Дверь. Сердце стучало глухо, и его удары отдавались в кончиках пальцев на руках и ногах, в груди и бедрах. Хоть бы никого не разбудить! Он приоткрыл дверь. Задел выключенный торшер, и тот слегка качнулся. Они — там. Еле видны. Только контуры. Лежат плотно друг к дружке, валетом — так это называется? Ноги высунуты из-под одеяла с разных его сторон. Спят, как дети, которых родители сплавили на денек-другой друзьям. Нет, концы с концами не сходятся. Все-таки он слишком пьян. Как две женщины на пляже?
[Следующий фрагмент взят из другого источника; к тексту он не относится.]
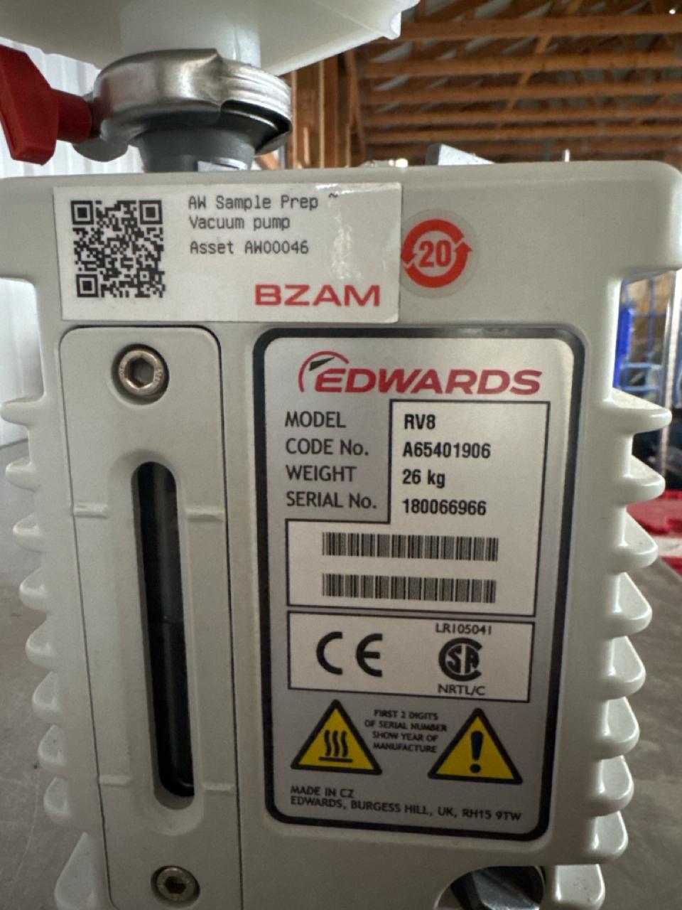 Edwards Dual-Stage Rotary Vane Vacuum Pump, mod. RV8, ser. no. 180066966 [Loc. Barn - Main Plant]

Нет, нет. Не подходит. Голова после вчерашнего совсем не варит, какая-то каша в мозгах… Как два тела в морге. Уже ближе. Как два тела в киношном морге. Не хватает только бирки (имя, дата рождения и прочее), привязанной к скромняге из скромняг — по жизни — большому пальцу на ноге. Не в нем ли момент истины? В этом пальце?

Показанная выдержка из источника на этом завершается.